**Activity**
The response must consist of the lines from the one holding "2,四星武器中推荐绝弦,幽夜" through the final line of the entries, given again exactly and without any pictures.

*** Block opens ***

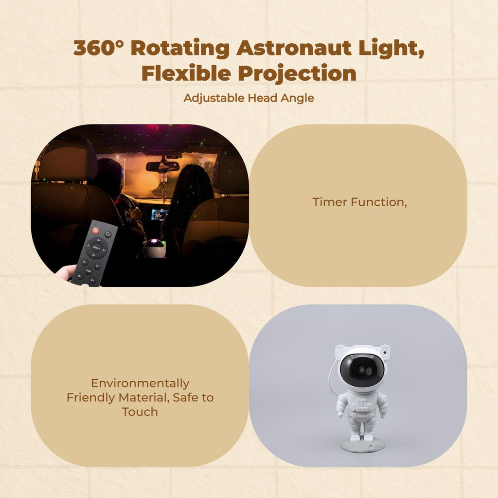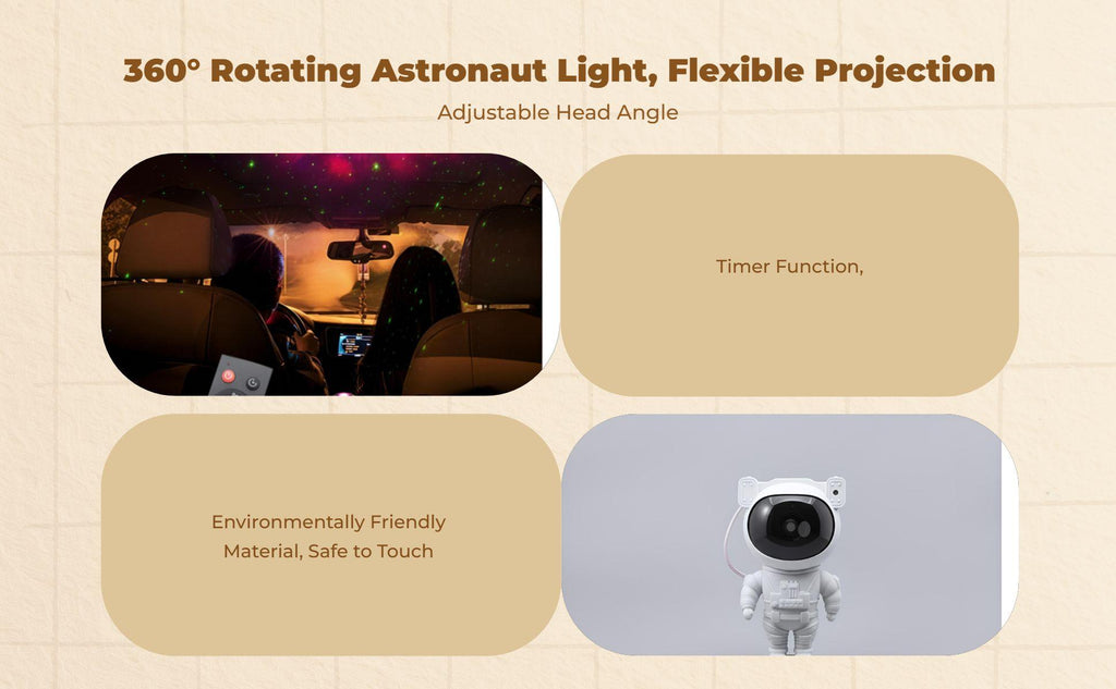 【Astronaut Celestial Projector Creates a Magical Atmosphere】Transform your bedroom or your child’s room with this astronaut celestial projector, featuring nebula effects and northern lightsdesign lighting for an immersive experience. Perfect for birthdays, holidays, and special gatherings. 【 Speaker with Neutral Noise Function】The built-in 5.1 speaker and 8 neutral noise choices provide soothing sounds for relaxation, making it an choice for bedrooms, game rooms, and nurseries. 【Remote & Timer Function for Easy Control】Conveniently control with the remote or through the app, adjust brightness, and set customizable timers to fit your mood and schedule. 【360° Adjustable Head Angle & Multiple Lighting Modes】The astronaut’s flexible design allows for a 360° adjustable head and various lighting modes, so you can create a personalized atmosphere for any occasion. 【Energy-Efficient, Portable, and Sleek】Made from PC+PVC, this energy-saving light features a universal connector, sleek design, and portability—perfect for home, dormitory, or travel use.
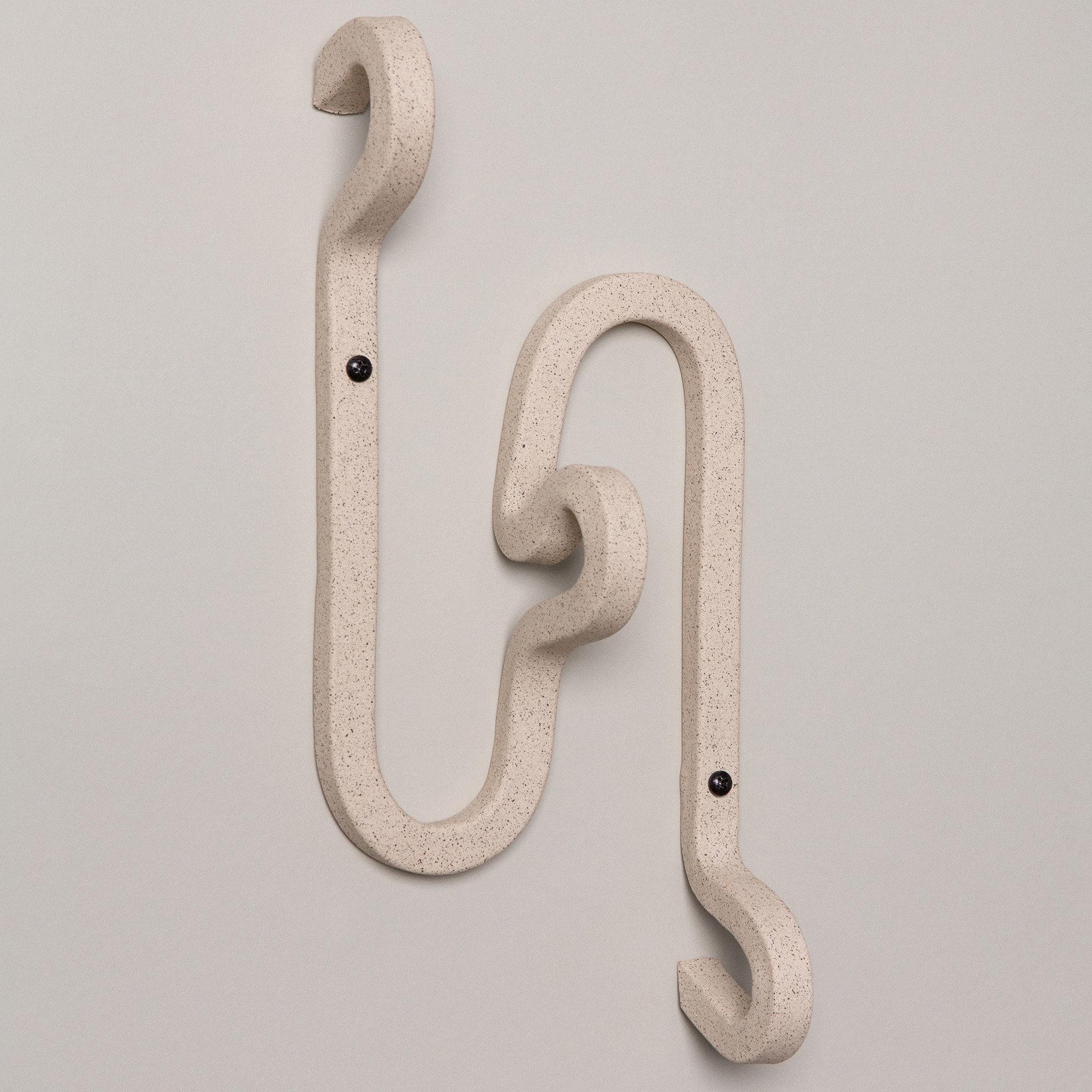 The For-Everything Narrow Rack is ready to hold it all. Handmade from a single square coil, it's designed to playfully store items across its undulating shape. Two offset hooks provide a place for bags, coats, or decorative belongings. Perfect for anywhere in the home from the entryway to the bathroom.
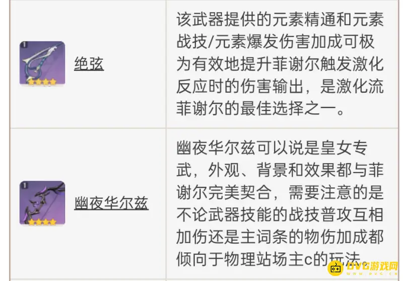 2,四星武器中推荐绝弦,幽夜华尔兹,暗巷猎手和弓藏。其中绝弦为首选四星武器,该武器提供的元素精通和元素战技/元素爆发伤害加成可极为有效地提升菲谢尔触发激化反应时的伤害输出,是激化流菲谢尔的最佳选择之一。而幽夜华尔兹可以说是皇女专武,外观、背景和效果都与菲谢尔完美契合,需要注意的是主词条的物伤加成是倾向于物理站场主c的玩法。
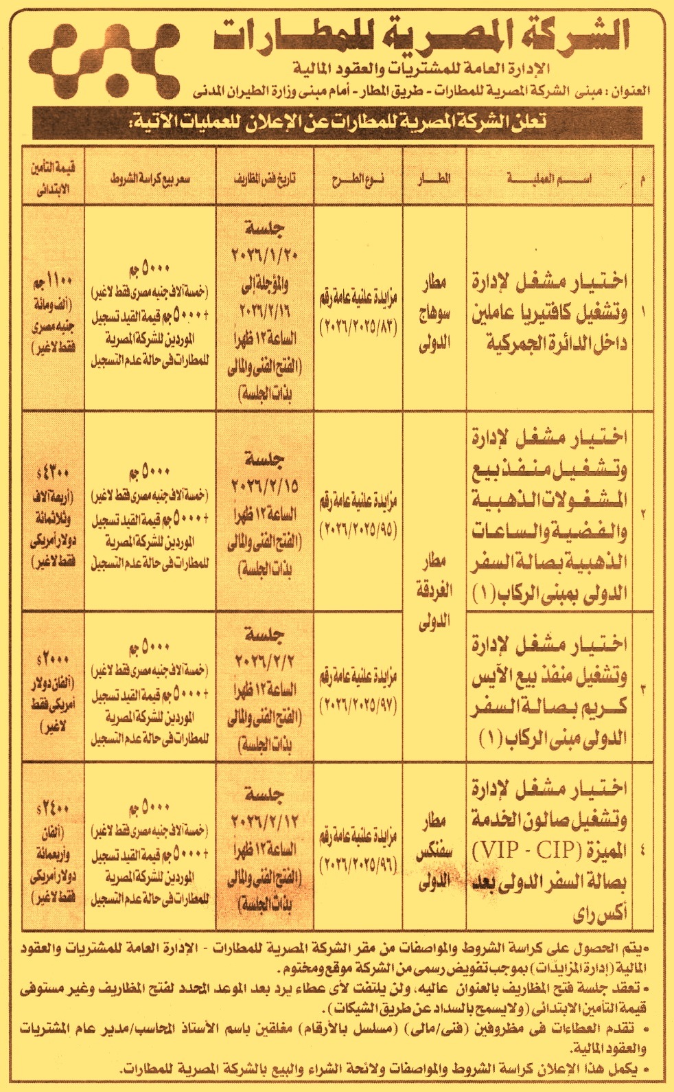 HOT information مزايدة علنية عامة رقم 95/2025/2026 لعملية اختيار مشغل لإدارة وتشغيل منفذ بيع المشغولات الذهبية والفضية والساعات الذهبية بصالة السفر الدولي بمبنى الركاب 1 بمطار الغردقة الدولي عن جريدة الأهرام Post navigation مؤسسة مصر الخير الهيئة القومية للأنفاق
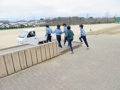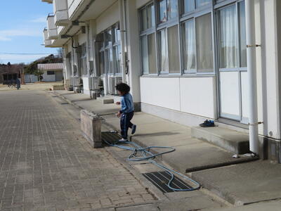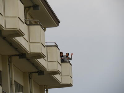 「がんばれ~5年生。」6年生が心配してベランダから励ましの声をかけます。
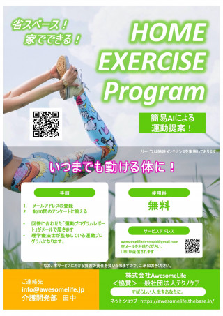 介護事業や介護ITコンサルティングを手掛ける、株式会社AwesomeLife(所在地:神奈川県平塚市馬入本町、代表取締役:田中 一秀)は、一般社団法人テクノケアと協業し「ホームエクササイズ自動判別プログラム」を、2020年4月24日(金) より開始します。

*** Block closes ***

**Output for this task**
 2,四星武器中推荐绝弦,幽夜华尔兹,暗巷猎手和弓藏。其中绝弦为首选四星武器,该武器提供的元素精通和元素战技/元素爆发伤害加成可极为有效地提升菲谢尔触发激化反应时的伤害输出,是激化流菲谢尔的最佳选择之一。而幽夜华尔兹可以说是皇女专武,外观、背景和效果都与菲谢尔完美契合,需要注意的是主词条的物伤加成是倾向于物理站场主c的玩法。
 HOT information مزايدة علنية عامة رقم 95/2025/2026 لعملية اختيار مشغل لإدارة وتشغيل منفذ بيع المشغولات الذهبية والفضية والساعات الذهبية بصالة السفر الدولي بمبنى الركاب 1 بمطار الغردقة الدولي عن جريدة الأهرام Post navigation مؤسسة مصر الخير الهيئة القومية للأنفاق
 「がんばれ~5年生。」6年生が心配してベランダから励ましの声をかけます。
 介護事業や介護ITコンサルティングを手掛ける、株式会社AwesomeLife(所在地:神奈川県平塚市馬入本町、代表取締役:田中 一秀)は、一般社団法人テクノケアと協業し「ホームエクササイズ自動判別プログラム」を、2020年4月24日(金) より開始します。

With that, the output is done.